:: DATASET RECORDS

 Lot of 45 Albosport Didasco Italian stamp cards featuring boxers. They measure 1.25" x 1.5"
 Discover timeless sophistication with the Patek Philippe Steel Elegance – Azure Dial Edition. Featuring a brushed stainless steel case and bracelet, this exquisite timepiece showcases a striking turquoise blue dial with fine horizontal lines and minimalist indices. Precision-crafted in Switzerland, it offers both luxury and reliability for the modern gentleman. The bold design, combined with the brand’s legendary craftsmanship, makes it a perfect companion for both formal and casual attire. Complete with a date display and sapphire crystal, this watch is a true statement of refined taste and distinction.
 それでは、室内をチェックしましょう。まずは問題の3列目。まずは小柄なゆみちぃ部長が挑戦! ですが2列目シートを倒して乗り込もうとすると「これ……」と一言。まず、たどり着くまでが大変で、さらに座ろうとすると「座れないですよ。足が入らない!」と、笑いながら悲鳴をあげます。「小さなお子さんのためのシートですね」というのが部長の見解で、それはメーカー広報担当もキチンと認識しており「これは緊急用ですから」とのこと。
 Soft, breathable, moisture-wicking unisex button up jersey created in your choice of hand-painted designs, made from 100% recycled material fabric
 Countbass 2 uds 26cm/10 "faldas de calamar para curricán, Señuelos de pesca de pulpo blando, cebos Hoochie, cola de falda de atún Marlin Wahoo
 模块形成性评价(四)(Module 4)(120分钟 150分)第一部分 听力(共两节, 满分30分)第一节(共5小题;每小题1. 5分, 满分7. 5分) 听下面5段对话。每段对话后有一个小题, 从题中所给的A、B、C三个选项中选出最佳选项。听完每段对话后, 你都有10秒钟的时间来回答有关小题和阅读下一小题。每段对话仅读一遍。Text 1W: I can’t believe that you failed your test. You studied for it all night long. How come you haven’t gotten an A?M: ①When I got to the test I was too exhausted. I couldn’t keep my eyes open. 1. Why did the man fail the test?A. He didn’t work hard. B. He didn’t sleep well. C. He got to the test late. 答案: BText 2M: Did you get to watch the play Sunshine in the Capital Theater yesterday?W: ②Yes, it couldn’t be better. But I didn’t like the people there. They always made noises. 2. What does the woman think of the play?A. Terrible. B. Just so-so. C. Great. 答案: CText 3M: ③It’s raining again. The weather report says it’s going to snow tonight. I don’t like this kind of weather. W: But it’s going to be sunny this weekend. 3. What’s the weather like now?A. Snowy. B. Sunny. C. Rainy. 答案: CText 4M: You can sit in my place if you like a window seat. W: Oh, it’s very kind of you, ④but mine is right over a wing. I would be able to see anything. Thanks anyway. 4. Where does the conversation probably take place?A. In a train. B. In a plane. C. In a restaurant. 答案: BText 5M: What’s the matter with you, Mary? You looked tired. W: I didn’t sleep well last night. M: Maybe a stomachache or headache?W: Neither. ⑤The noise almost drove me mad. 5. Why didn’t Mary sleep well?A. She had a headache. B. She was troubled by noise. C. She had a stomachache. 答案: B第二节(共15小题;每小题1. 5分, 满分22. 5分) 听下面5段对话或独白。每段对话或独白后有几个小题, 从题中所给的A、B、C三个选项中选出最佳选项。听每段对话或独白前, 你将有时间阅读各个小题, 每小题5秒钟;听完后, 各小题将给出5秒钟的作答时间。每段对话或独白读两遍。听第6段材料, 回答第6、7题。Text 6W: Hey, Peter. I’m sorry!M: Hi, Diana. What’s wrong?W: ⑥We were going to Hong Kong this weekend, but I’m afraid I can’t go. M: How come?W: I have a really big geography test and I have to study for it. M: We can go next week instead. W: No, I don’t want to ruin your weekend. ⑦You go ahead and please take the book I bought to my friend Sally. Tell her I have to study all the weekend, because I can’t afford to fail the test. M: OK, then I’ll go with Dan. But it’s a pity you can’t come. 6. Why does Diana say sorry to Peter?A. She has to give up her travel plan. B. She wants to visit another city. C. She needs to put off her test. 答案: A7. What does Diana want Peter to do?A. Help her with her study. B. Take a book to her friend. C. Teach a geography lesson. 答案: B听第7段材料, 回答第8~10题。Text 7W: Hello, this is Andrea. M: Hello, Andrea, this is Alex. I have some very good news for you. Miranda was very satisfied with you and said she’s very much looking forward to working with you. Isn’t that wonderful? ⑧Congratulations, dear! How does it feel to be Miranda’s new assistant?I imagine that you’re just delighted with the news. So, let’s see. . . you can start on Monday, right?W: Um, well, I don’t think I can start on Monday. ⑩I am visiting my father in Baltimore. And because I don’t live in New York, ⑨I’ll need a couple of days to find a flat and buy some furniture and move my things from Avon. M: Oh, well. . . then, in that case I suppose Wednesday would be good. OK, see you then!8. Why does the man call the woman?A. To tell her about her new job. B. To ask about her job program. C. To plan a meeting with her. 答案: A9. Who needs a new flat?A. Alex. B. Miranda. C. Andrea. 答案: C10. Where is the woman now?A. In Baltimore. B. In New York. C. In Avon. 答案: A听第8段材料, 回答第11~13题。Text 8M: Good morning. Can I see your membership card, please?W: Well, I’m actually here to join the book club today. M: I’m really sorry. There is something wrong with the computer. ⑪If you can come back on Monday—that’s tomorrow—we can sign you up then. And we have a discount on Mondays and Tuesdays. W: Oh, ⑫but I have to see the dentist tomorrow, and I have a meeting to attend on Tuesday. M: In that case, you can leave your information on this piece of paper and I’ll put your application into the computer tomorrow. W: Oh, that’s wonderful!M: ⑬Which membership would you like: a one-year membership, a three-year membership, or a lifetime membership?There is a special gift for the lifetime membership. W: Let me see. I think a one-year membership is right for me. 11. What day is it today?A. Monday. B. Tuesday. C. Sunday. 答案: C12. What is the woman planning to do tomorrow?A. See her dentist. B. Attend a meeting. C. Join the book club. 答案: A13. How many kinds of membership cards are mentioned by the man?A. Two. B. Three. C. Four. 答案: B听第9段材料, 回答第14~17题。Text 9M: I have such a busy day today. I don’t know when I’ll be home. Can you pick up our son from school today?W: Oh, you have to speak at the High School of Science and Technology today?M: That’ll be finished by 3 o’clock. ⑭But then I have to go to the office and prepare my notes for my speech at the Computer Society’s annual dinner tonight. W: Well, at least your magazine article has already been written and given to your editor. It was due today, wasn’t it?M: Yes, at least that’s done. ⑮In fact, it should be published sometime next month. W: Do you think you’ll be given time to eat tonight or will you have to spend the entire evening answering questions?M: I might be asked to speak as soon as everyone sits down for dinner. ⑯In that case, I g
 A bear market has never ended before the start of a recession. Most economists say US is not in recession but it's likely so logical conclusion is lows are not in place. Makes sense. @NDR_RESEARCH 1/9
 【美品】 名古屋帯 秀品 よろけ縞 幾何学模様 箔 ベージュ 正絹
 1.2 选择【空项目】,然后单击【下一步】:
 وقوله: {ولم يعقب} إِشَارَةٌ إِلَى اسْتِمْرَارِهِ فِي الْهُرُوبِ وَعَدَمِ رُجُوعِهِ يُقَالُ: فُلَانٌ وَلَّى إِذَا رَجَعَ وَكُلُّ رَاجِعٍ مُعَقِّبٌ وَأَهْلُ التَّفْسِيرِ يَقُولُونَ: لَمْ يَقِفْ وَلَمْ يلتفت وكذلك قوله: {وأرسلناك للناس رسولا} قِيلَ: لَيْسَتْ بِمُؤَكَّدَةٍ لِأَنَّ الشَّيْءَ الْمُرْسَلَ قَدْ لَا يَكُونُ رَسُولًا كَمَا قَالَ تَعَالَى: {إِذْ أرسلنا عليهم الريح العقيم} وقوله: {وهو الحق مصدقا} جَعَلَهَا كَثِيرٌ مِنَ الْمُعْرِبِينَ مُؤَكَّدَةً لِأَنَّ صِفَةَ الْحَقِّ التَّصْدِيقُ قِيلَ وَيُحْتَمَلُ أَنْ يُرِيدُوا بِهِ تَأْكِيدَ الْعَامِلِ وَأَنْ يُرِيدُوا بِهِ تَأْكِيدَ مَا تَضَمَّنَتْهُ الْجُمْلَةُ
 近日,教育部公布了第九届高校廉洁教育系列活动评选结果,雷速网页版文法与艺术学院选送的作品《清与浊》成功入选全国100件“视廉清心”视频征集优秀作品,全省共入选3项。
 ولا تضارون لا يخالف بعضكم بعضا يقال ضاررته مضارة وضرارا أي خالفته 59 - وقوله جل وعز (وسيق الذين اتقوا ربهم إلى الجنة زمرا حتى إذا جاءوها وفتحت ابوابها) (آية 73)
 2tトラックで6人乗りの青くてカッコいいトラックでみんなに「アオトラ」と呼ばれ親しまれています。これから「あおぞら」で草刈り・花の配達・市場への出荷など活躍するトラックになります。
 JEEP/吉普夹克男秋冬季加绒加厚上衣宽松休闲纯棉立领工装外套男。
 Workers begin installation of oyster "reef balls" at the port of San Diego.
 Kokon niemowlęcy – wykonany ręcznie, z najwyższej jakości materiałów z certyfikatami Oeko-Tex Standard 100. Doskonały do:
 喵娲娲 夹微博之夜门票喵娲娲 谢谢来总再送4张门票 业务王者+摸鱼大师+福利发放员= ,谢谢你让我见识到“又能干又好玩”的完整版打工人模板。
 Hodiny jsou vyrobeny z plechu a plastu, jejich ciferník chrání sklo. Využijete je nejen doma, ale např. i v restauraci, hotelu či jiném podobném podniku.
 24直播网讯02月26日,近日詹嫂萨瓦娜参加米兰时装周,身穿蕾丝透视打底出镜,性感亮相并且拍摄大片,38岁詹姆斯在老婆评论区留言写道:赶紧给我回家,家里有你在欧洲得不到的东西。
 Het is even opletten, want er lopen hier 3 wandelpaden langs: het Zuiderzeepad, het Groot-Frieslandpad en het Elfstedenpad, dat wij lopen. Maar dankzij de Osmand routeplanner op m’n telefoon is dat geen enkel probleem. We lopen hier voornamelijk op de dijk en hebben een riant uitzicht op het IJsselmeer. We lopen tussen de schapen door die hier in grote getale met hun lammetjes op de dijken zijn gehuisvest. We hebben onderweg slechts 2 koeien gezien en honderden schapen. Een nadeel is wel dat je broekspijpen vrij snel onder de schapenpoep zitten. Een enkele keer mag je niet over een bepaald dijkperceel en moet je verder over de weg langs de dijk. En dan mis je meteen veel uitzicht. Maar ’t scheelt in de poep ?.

::::

* [TASK ITEM]
Give the lines again, exactly as they stand, from the beginning of the data through the line with "Discover timeless sophistication".

* [RESULT]
 Lot of 45 Albosport Didasco Italian stamp cards featuring boxers. They measure 1.25" x 1.5"
 Discover timeless sophistication with the Patek Philippe Steel Elegance – Azure Dial Edition. Featuring a brushed stainless steel case and bracelet, this exquisite timepiece showcases a striking turquoise blue dial with fine horizontal lines and minimalist indices. Precision-crafted in Switzerland, it offers both luxury and reliability for the modern gentleman. The bold design, combined with the brand’s legendary craftsmanship, makes it a perfect companion for both formal and casual attire. Complete with a date display and sapphire crystal, this watch is a true statement of refined taste and distinction.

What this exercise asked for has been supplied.